Six months ahead of next year's national elections, many Czechs will be pleased to find their pay-checks are a bit fatter. Civil servants are getting a five-percent rise and the minimum wage will increase in the coming year to 8,000 crowns (328 dollars) a month. The average pension will be just a little higher than that - 8,128 crowns, that is also after an increase. Child and housing benefits will see a slight increase and as of April, one-off maternity grants will be raised to 17,500 crowns (717 dollars), which is double the current amount.
Under a new law on income taxes, people who earn less than 20,000 crowns (820 dollars) a month will save some 4,000 crowns a year. For people with salaries below 30,000 crowns a month, taxes will be reduced by almost 3,000 crowns a year. The average monthly wage in 2006 is expected to exceed 20,000 crowns (820 dollars).
On the other hand, 2006 will also bring higher energy bills for Czechs. Gas prices are expected to rise by almost 5 percent on average. Heating, coal and water prices, too, will grow. But the most dramatic will be the increase in electricity costs.
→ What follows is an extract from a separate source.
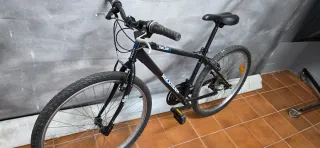 Bicicleta de montaña Btwin en color negro. Ideal para disfrutar de rutas y senderos. - Cuadro de aluminio. - Suspensión delantera. - Frenos de disco. - Ruedas de 27’5 pulgadas. La rueda de atrás está recién puesta y ambos frenos tambien. Tiene unos golpes en la parte delantera pero son bastante pequeños y el sillin tiene una leve rotura pero funciona perfectamente. Ver en la foto. Si vives por Vigo o alrededores puedo llevártela a casa.

On average, Czech households will pay 8.9 percent more for power, the sharpest increase being in North Moravia where prices will rise by more than 13 percent.
Energy costs for companies will be higher, too. Those are expected to
result in higher prices of goods and services. Analysts predict they
should be balanced out by growing salaries and lower taxes. In a year's
time Czechs will see whether their calculations were right.